Li Tianyi, Yang Genke, Chu Jian
IEEE Trans Cybern. 2024 May;54(5):3051-3064. doi: 10.1109/TCYB.2023.3254596. Epub 2024 Apr 16.
Efficient and intelligent exploration remains a major challenge in the field of deep reinforcement learning (DRL). Bayesian inference with a distributional representation is usually an effective way to improve the exploration ability of the RL agent. However, when optimizing Bayesian neural networks (BNNs), most algorithms need to specify an explicit parameter distribution such as a multivariate Gaussian distribution. This may reduce the flexibility of model representation and affect the algorithm performance. Therefore, to improve sample efficiency and exploration based on Bayesian methods, we propose a novel implicit posteriori parameter distribution optimization (IPPDO) algorithm. First, we adopt a distributional perspective on the parameter and model it with an implicit distribution, which is approximated by generative models. Each model corresponds to a learned latent space, providing structured stochasticity for each layer in the network. Next, to make it possible to optimize an implicit posteriori parameter distribution, we build an energy-based model (EBM) with value function to represent the implicit distribution which is not constrained by any analytic density function. Then, we design a training algorithm based on amortized Stein variational gradient descent (SVGD) to improve the model learning efficiency. We compare IPPDO with other prevailing DRL algorithms on the OpenAI Gym, MuJoCo, and Box2D platforms. Experiments on various tasks demonstrate that the proposed algorithm can represent the parameter uncertainty implicitly for a learned policy and can consistently outperform competing approaches.

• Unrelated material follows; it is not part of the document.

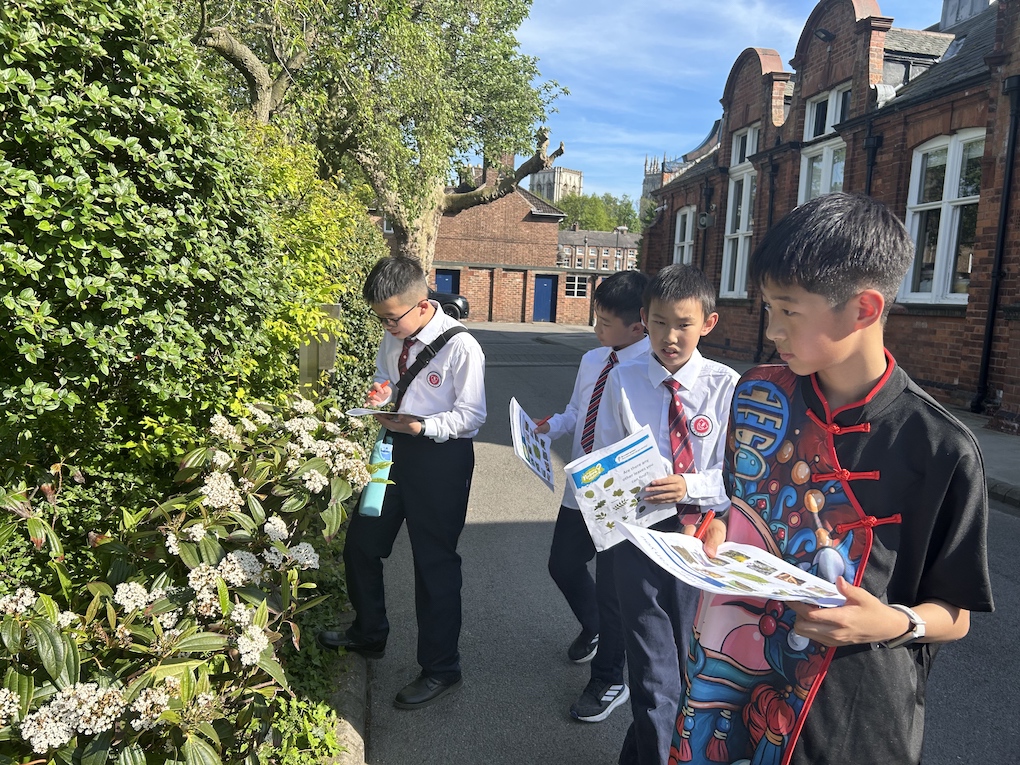 中国学生们随即进入班级体验原汁原味的英式教育。每位中国学生都有一位英国伙伴全程陪同,在艺术课上,大家用画笔描绘约克的风景;在自然科学课中,探索生物奥秘;在信息课上学习编程思维;在数学课上,中英学生用不同的解题方式相互启发。课程从室内延伸到户外,让中国学生们真正感受到英式教育的开放与互动。,两国少年在校园林间边记录物种边交流各自校园生活,欢声笑语不断。

高效且智能的探索仍是深度强化学习(DRL)领域的一项重大挑战。采用分布表示的贝叶斯推理通常是提高强化学习智能体探索能力的有效方法。然而,在优化贝叶斯神经网络(BNN)时,大多数算法需要指定一个明确的参数分布,如多元高斯分布。这可能会降低模型表示的灵活性并影响算法性能。因此,为了提高基于贝叶斯方法的样本效率和探索能力,我们提出了一种新颖的隐式后验参数分布优化(IPPDO)算法。首先,我们从分布的角度看待参数,并用隐式分布对其进行建模,该隐式分布由生成模型近似。每个模型对应一个学习到的潜在空间,为网络中的每一层提供结构化的随机性。接下来,为了能够优化隐式后验参数分布,我们构建了一个带有价值函数的基于能量的模型(EBM)来表示不受任何解析密度函数约束的隐式分布。然后,我们设计了一种基于摊销斯坦变分梯度下降(SVGD)的训练算法来提高模型学习效率。我们在OpenAI Gym、MuJoCo和Box2D平台上将IPPDO与其他主流DRL算法进行了比较。在各种任务上的实验表明,所提出的算法可以为学习到的策略隐式地表示参数不确定性,并且始终优于竞争方法。